When they proceed with whatever they were doing, the dog in fight mode turns it up a notch and might growl, and almost every person understands that and feels compelled to do something about it.
However, the typical human responses create dilemmas.
Dilemma 1: If the person backs off, he reinforces the growl and the dog will growl in the future to keep someone at bay or keep a resource. The dog wins in people's minds, which is a big problem for their tender egos. The person doesn't like his pooch anymore and either gives up, or feels justified to do whatever it takes to stop the growl; either labels the dog aggressive and surrenders or kills him, or punishes harshly and destroys the mutually rewarding relationship he could have had.
Dilemma 2: Dogs that growl a lot, because they’re confronted a lot, become stuck in that behavior pattern. If the growl suddenly doesn’t work anymore, for example when the owner hired a mighty “whisperer” wash-up who comes equipped with tools and the skill to suppress the growl, another emotion arises: Frustration. The dog becomes more stressed, more aroused, and angrier. Anyone who believes that an emotion can be punished away is a fool, but the expression might be. Growls can successfully be quelled when the punishment is harsh enough, but the dog, still feeling threatened, resorts to the next level of aggression, albeit perhaps only directed against people or dogs seen as weaker.
A growl isn’t good, but a bite without a warning is worse.
Dilemma 3: If the person ignores the growl, persists and insists, the confident dog will bite, resulting in two big problems: It hurts, and I have yet to meet a person who will NOT retreat when the dog injures and thus reinforce the escalation of aggressive behavior.
A dog who feels threatened but is not self-assured enough to confront wants to leave the scene and situation. Get out of Dodge instead of driving the threat away. Chooses Flight to Fight.

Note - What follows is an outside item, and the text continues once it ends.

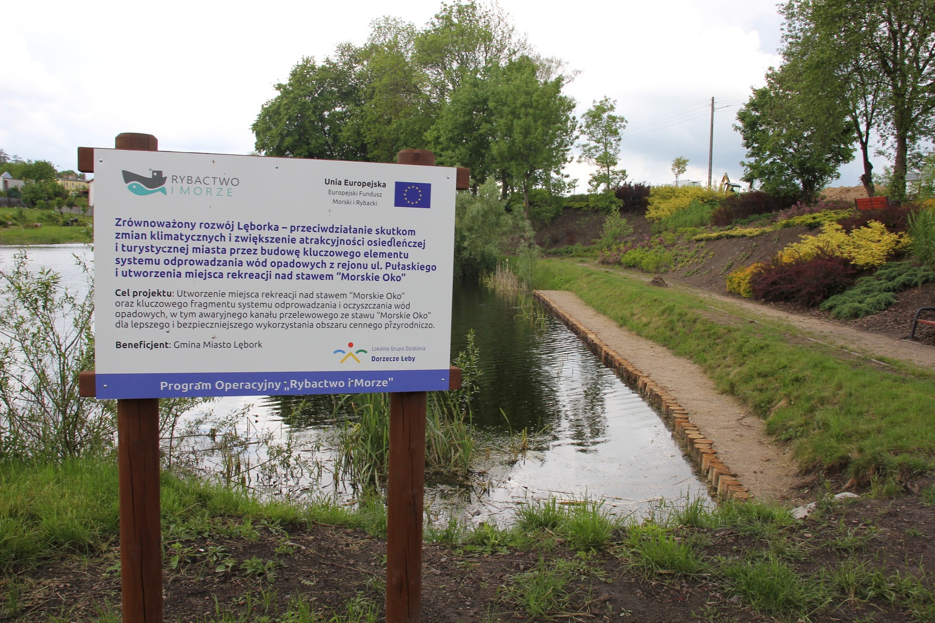 Projekt „Zrównoważony rozwój Lęborka – przeciwdziałanie skutkom zmian klimatycznych i zwiększenie atrakcyjności osiedleńczej i turystycznej miasta przez budowę kluczowego elementu systemu odprowadzania wód opadowych z rejonu ul. Pułaskiego i utworzenia miejsca rekreacji nad stawem „Morskie Oko” zrealizowano w ramach Lokalnej Strategii Rozwoju 2014-2020 dofinansowanej z Europejskiego Funduszu Morskiego i Rybackiego za pośrednictwem Stowarzyszenia Lokalna Grupa Działania „Dorzecze Łeby”.

Don’t just think running away, but also stepping back, curving out, leaving a room or a certain area at the dog park – anything that increases distance to something or someone without attacking. Averting eyes, head and body are the subtle signals.
The dog who chooses non-confrontation is not sure he can successfully defend himself or a resource, or he might generally like his social encounters, but not the situation at the moment. I recently met a beautiful German shepherd believed to be aggressive with people who in reality was rather friendly and interested in interacting when given the opportunity to hang back until the new person was more familiar.

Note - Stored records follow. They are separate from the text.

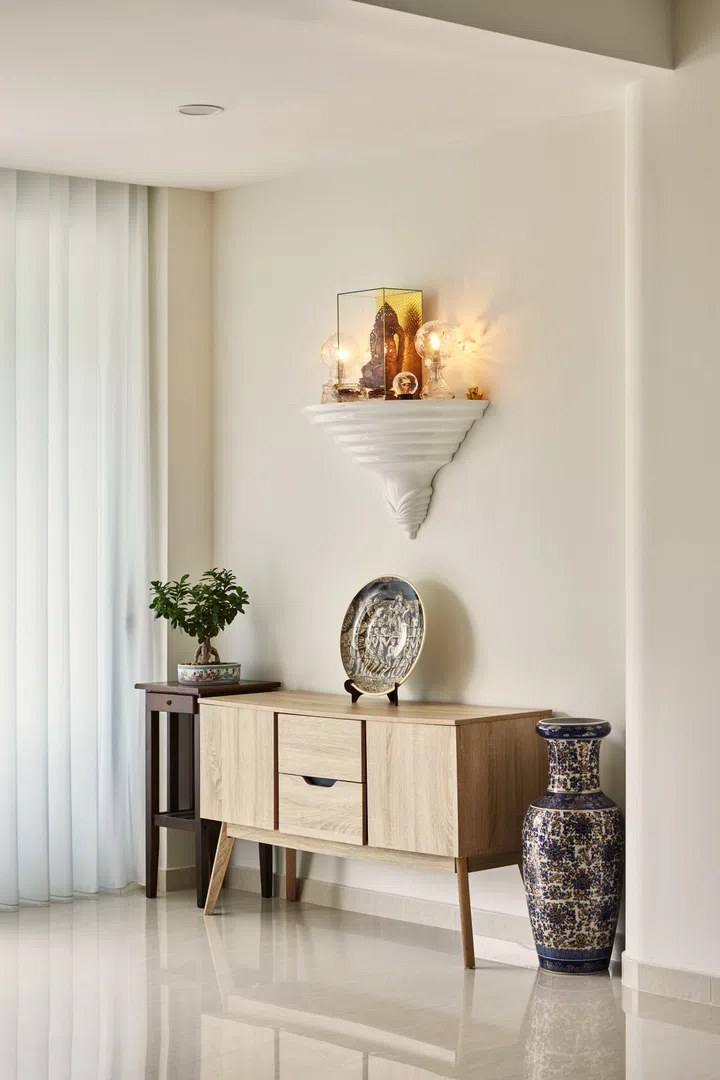 It was important for the family that the entrance foyer feel welcoming and shower all who cross the threshold with blessings. The bright and airy corner, along with the home’s white and beige colour scheme gives off very positive vibes and makes it the ideal spot for the altar and a bonsai that signify peace and harmony. Heirloom pieces such as the porcelain vase belonging to her father-in-law lend the space a gallery-like presence.
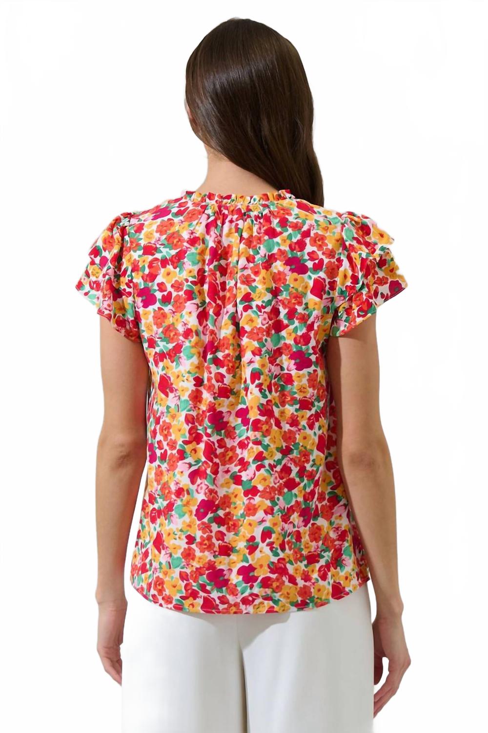 Универсальная блузка, которая подойдет как для работы, так и для ужина! Создайте непринужденный и элегантный образ в этой очаровательной блузке Joly Floral Hessa Ruffle. Этот милый цветочный принт украшает блузку, а оборки расположены на коротких рукавах и вокруг выреза. Блузка имеет свободный крой, поэтому ее можно носить с подходящими брюками и обувью на каблуках или балетках. - Цветочный - Рюш - Блузка - На подкладке - Цвет - Многоцветный оранжевый
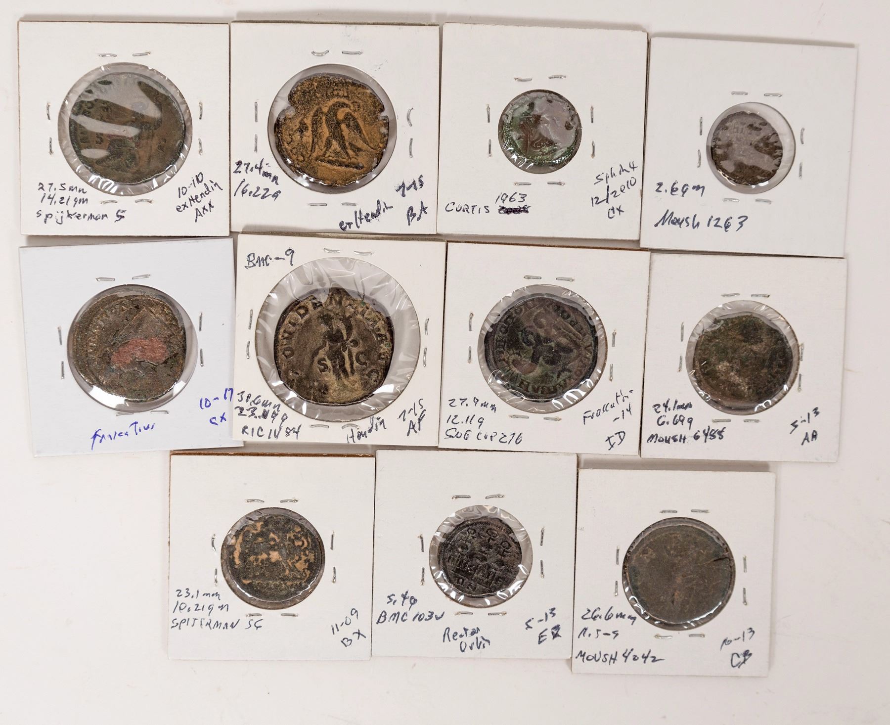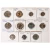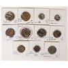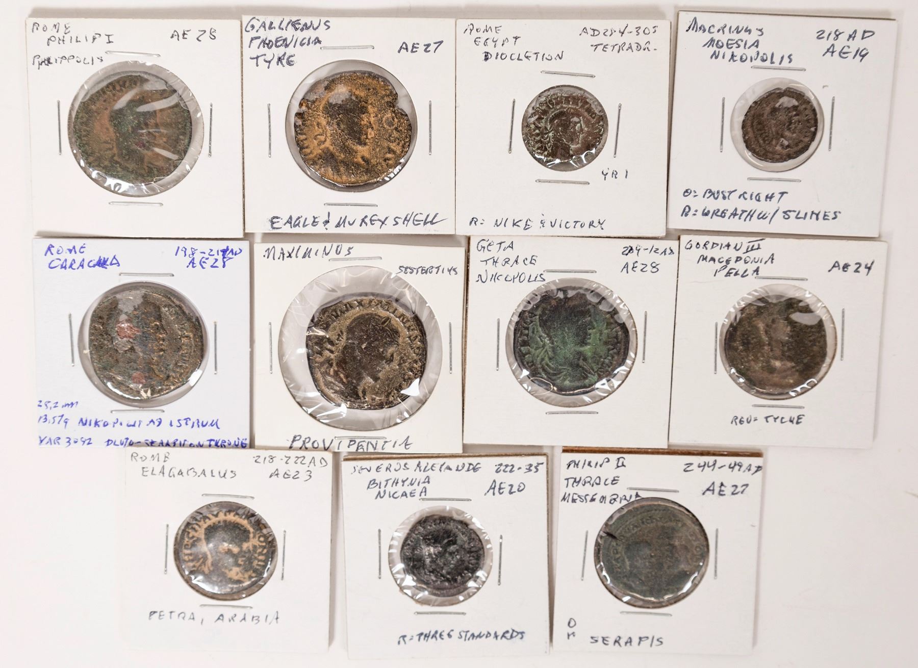 Eleven Roman coins: 10 provincials and a Maximinus sestertius. Coins of Tyre, Moesia, Petra, Nicaea, Pella. Talking snake god of Nicopolis and Egypt. Depicting: Pluto, Nike, Tyche, roman standards, Serapis, Athena enthroned, eagle and Providence.
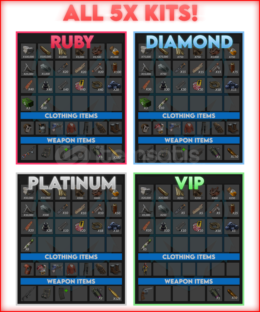 • 💎 Ruby Kit – En üst seviye kaynaklar, zırh setleri ve silahlar
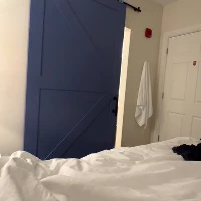 A teen boy walks through a doorway before a rigged water bottle falls off the doorframe and hits him on the head as he falls onto the bed.
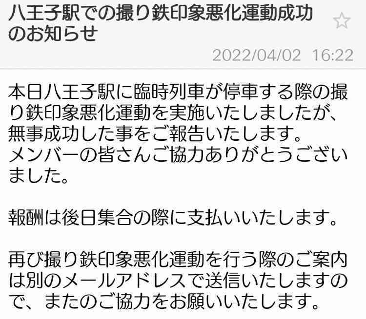 この前ホームで撮り鉄3人組が通路塞いでたら土方の兄ちゃんに蹴散らされてたな+347

Often dogs in possession of a valued resource, like a bone, walk away with it. That is not submission; the dog does not surrender the resource, but doesn’t trust the people and/or dogs around him completely and in that context seeks a safe place. The worst thing someone could do is follow and take the resource away. The dog is non-confrontational on purpose. Don’t punish that, or he might fight next.

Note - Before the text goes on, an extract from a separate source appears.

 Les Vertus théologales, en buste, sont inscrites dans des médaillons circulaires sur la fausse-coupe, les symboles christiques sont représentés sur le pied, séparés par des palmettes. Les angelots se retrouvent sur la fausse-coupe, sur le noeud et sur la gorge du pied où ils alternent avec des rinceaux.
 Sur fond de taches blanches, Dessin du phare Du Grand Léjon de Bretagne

Fight dogs are often flight dogs who can’t flee because they are restrained or cornered.
The German shepherd I just mentioned chose Flight, but nevertheless had a bite history because some people did not give him the space to hang back, and he was confident enough to Fight when pressured. Knowing that, I allowed him the Flight option, and whenever I introduced something new, he created distance, but moments later returned and then was motivated to learn the new thing. By the end of the afternoon we had a real connection and not once did I feel I was in danger.
Don’t confront a dog in Fight or Flight mode, but instead investigate why the dog feels defensive and address that. Regarding resources, my goal always is that my dog trusts me with anything she has, and brings it to me.
Freeze is not only the muscle tension stillness before an attack, but an expression of a dog who has no options; who has resigned himself to his fate and imploded. The dog is too terrorized to move, extremely stressed with no resolution.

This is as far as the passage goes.